Aunt Tifa is in the narrative. I believe they may have been validated as an terrorist faction. 
@MikeDelta why not a discussion thread?


----------



## MikeDelta (Oct 15, 2018)

DC said:


> Aunt Tifa is in the narrative. I believe they may have been validated as an terrorist faction.
> @MikeDelta why not a discussion thread?



Def a discussion. PMing you...welp looks like I can’t PM you. Anyway, it just seems like too much ‘white intel’ out there, especially with the name of the agent


----------



## MikeDelta (Oct 15, 2018)

@DC Unless of course it was intentional and we’re doing that thing we make privates do when enemy is in the area. I posted your article in the ANTIFA forum. Perfect timing for your post!


----------



## DC (Oct 15, 2018)

Interesting. OAN is a news only agency and well trusted.


----------



## MikeDelta (Oct 15, 2018)

DC said:


> Interesting. OAN is a news only agency and well trusted.



I’m going to do some searching on this now.  This is pretty big news I’d say.  Also, I don’t think it’s beyond the realm of reason that there has been many similar efforts that are either monitored or have been thwarted. Why is this this particular attempt making the news? See what I mean?


----------



## DC (Oct 15, 2018)

Why I posted it here. When it came out no other news outlet was talking about it. I think because of the recent mob talk from the left this may be a reason to stomp out all left mob organizations.


----------



## ThunderHorse (Oct 15, 2018)

On the Daily Beast and Daily Caller...


----------



## Isiah6:8 (Oct 15, 2018)

MikeDelta said:


> Is there really a need, why was name the SS agent listed?
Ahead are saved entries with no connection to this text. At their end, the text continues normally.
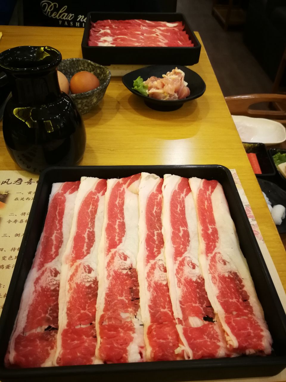 团购拔草,老早就看中的一款寿喜烧了,鸡蛋打碎在碗中,涮牛肉蘸鸡蛋液,味道还蛮特别的,单点价格340,可以去晚上购买套餐价格138,实惠又美味,建议点牛肉和羊羔肉,这是味道最赞的,其他小食挺多,各有千秋啦
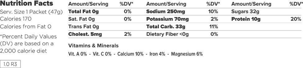Organic Glucose, Organic Dried Cane Syrup, Whey Protein Isolate, Milk Protein Concentrate, Citric Acid, Natural Flavors, Sea Salt, Soy Lecithin, Colored with Annatto, Calcium Citrate, Magnesium Citrate, Potassium Citrate.
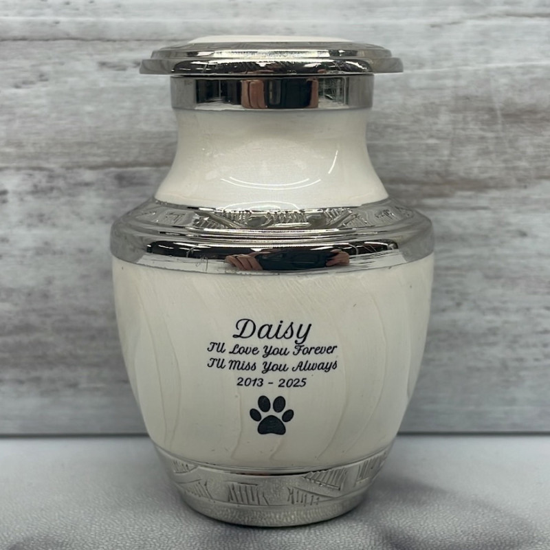 A keepsake urn that allows you to share the memory of your loved pet or keep them close. This pet cremation memorial is our beautiful Radiant White Cremation Urn in keepsake size.
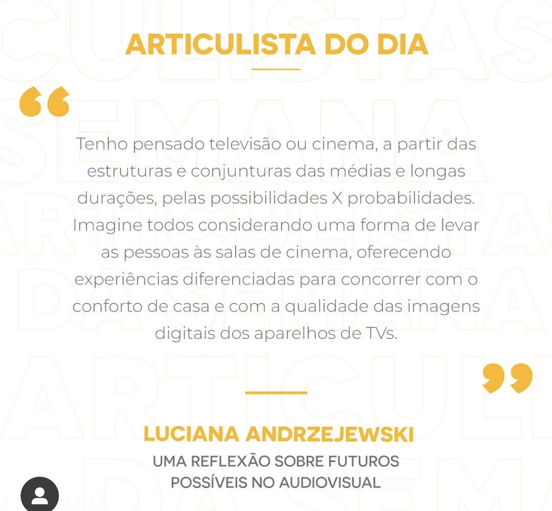26/05/2021 REVISTA EXIBIDOR https://www.exibidor.com.br/artigo/320-uma-reflexao-sobre-futuros-possiveis-no-audiovisual Compartilhe isso: Compartilhar no Facebook(abre em nova janela) Facebook Compartilhe no Linkedin(abre em nova janela) LinkedIn Share on Pinterest(abre em nova janela) Pinterest Compartilhar no WhatsApp(abre em nova janela) WhatsApp Curtir Carregando... Relacionado
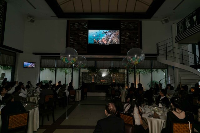 お二人の披露宴入場前にオープニングムービーで盛り上がる中
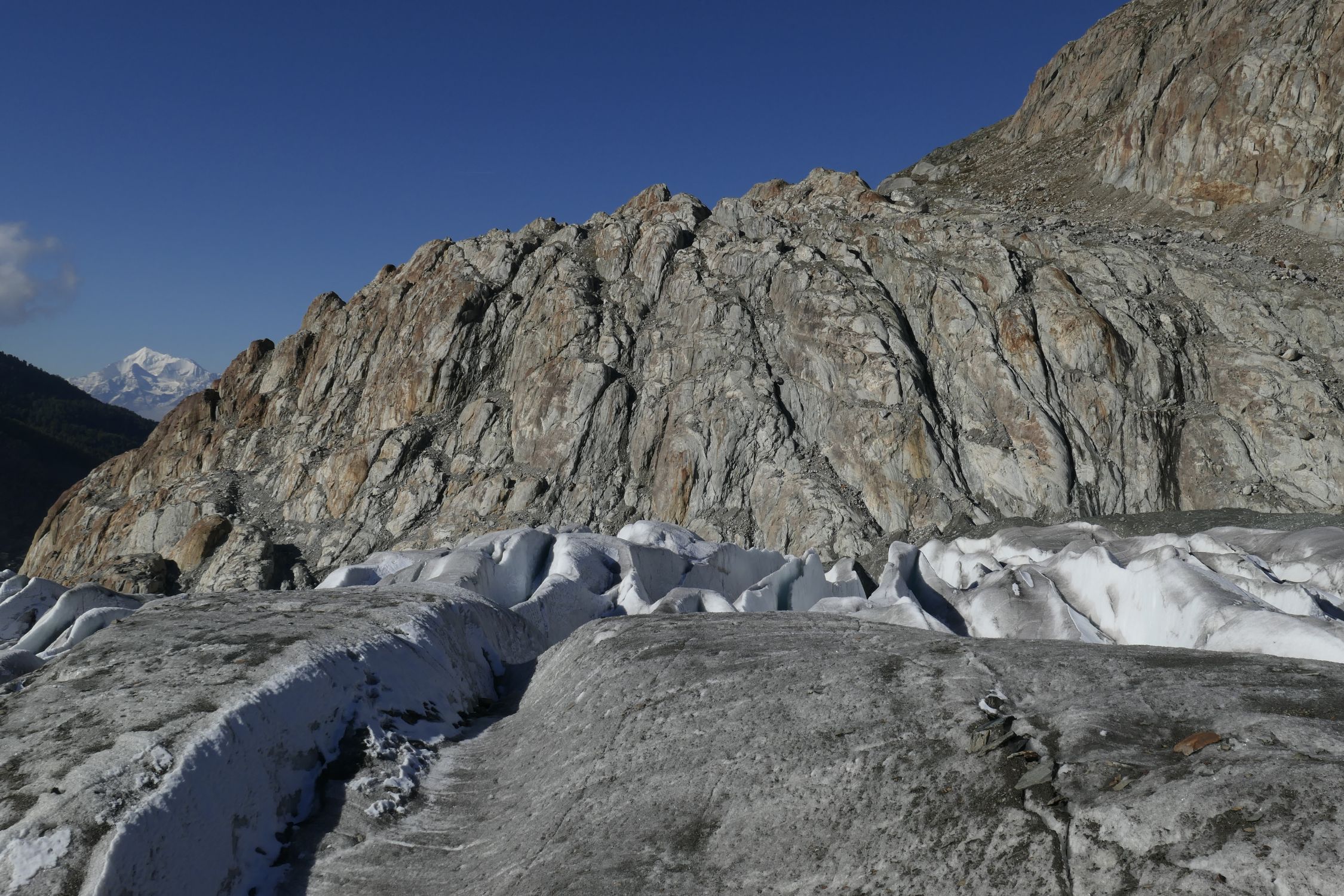 Wo der Pfad aufhört, ist der Gletscher aktuell (anfangs Oktober 2025) gut zu erreichen. Zu Beginn gibt der Verlauf der Randspalten die Marschrichtung vor. Man überquert den Grossen Aletschgletscher (oder das, was von ihm noch übrig geblieben ist) in nördlicher Richtung und peilt auf der gegenüberliegenden Seite die Rinne an, die von Pt. 2105 Richtung Nordosten zum Gletscher abfällt. Im mittleren Bereich gibt es kaum Spalten, sodass man zu keinen Umwegen gezwungen ist. Wo die beschriebene Rinne das Eis erreicht, werden die Randspalten zahlreich. Man schlägt von Anfang an einen grosszügigen Bogen nordwärts ein und findet dann einen Bereich, wo sich spaltenparallel der Gletscherrand erreichen lässt.
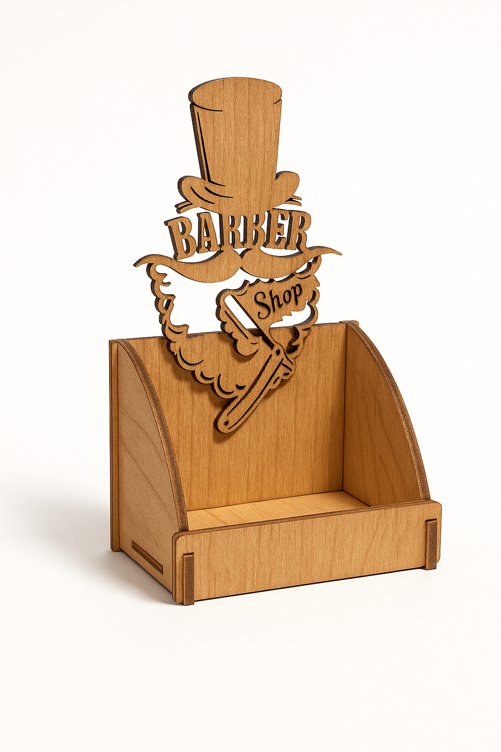 Βάση για επαγγελματικές κάρτες, ιδανικό για κομμωτήριο ανδρών. Υλικό κατασκευής ξύλο.
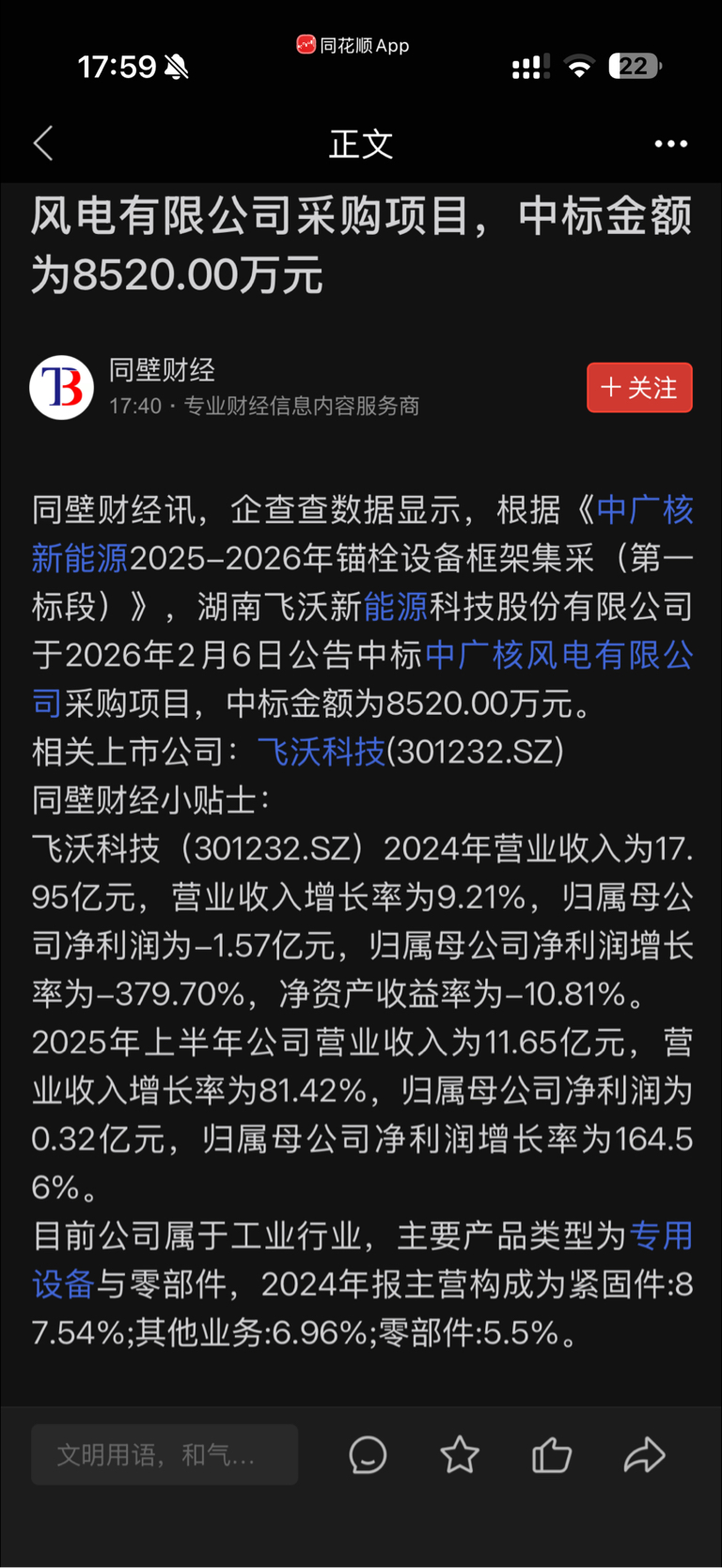 $飞沃科技(SZ301232)$
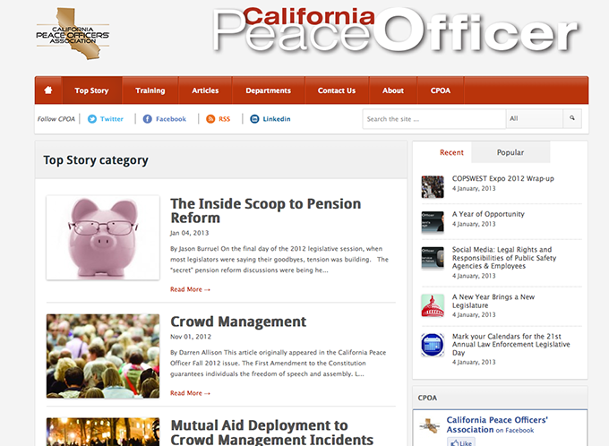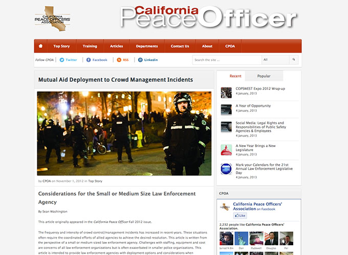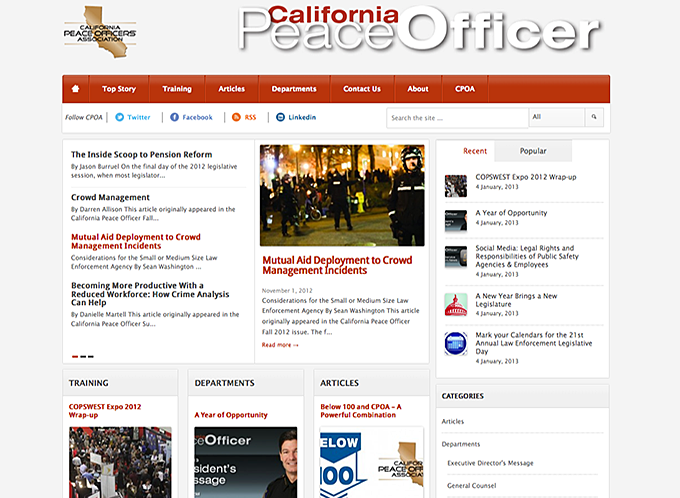 California Peace Officers' Association made the decision to convert their print magazine that Lori Mattas had been designing since early 2010 into an online publication to save on printing and mailing costs and to provide better access to their valuable article archives to their members.

He is the Special Agent in charge of the PPD.  No reason not to name him, he does a lot of their press releases.


----------



## Cookie_ (Oct 15, 2018)

OAN is about as trustful as Mother Jones; that is, their tilt is pretty strong towards either political spectrum.  So far, they seem to be the only news source that mentions Antifa, and in context it isn't even connected to the story at all.

As for other news outlets, I see the daily beast reported on it earlier How the Secret Service Foiled a Trump Assassination Attempt.


----------



## DC (Oct 15, 2018)

I found this late last nite. Fox is the online Inquirer now days.


----------



## MikeDelta (Oct 15, 2018)

Isiah6:8 said:


> He is the Special Agent in charge of the PPD.  No reason not to name him, he does a lot of their press releases.



Yes, actually thought of that after I posted; shouldn’t comment while I’m doing cardio.


----------



## MikeDelta (Oct 15, 2018)

Isiah6:8 said:


> He is the Special Agent in charge of the PPD.  No reason not to name him, he does a lot of their press releases.





Isiah6:8 said:


> He is the Special Agent in charge of the PPD.  No reason not to name him, he does a lot of their press releases.



What really got on my radar the most is 1) Why isn't this bigger news (more outlets) 2) Why this particular incident? It's not beyond the realm of reason that this is not the first time we've encountered knowledge of this sort of thing.


----------



## Isiah6:8 (Oct 15, 2018)

MikeDelta said:


> What really got on my radar the most is 1) Why isn't this bigger news (more outlets) 2) Why this particular incident? It's not beyond the realm of reason that this is not the first time we've encountered knowledge of this sort of thing.



Great questions, I don’t know but I had the same thought on point 2.


----------



## MikeDelta (Oct 15, 2018)

Isiah6:8 said:


> Great questions, I don’t know but I had the same thought on point 2.



Yes, its a little odd


----------



## Blizzard (Oct 15, 2018)

That's a pretty vague article, to say the least.

Wonder if this is the "attempt" in the Phillipines that was actually documented in the National Geographic program on the Secret Service  that aired last night (interesting show btw)?
Channel Homepage

The article came out last evening as well right around the time show aired.  Was NG their source?

I imagine this happens somewhat regularly at some level.


----------



## Cookie_ (Oct 15, 2018)

Blizzard said:


> That's a pretty vague article, to say the least.
> 
> Wonder if this is the "attempt" in the Phillipines that was actually documented in the National Geographic program on the Secret Service  that aired last night (interesting show btw)?
> Channel Homepage
> ...



It was. The Daily Beast link I provided up there earlier said so, and so did the daily caller


----------



## Blizzard (Oct 15, 2018)

Cookie_101st said:


> It was. The Daily Beast link I provided up there earlier said so, and so did the daily caller


Wasn't trying fo steal your thunder.  Obviously didn't read the other Daily Beast or Caller links.


----------



## Cookie_ (Oct 15, 2018)

Blizzard said:


> Wasn't trying fo steal your thunder.  Obviously didn't read the other Daily Beast or Caller links.


It's all good. Hell, I'm pretty sure thunder horse posted them before I did


----------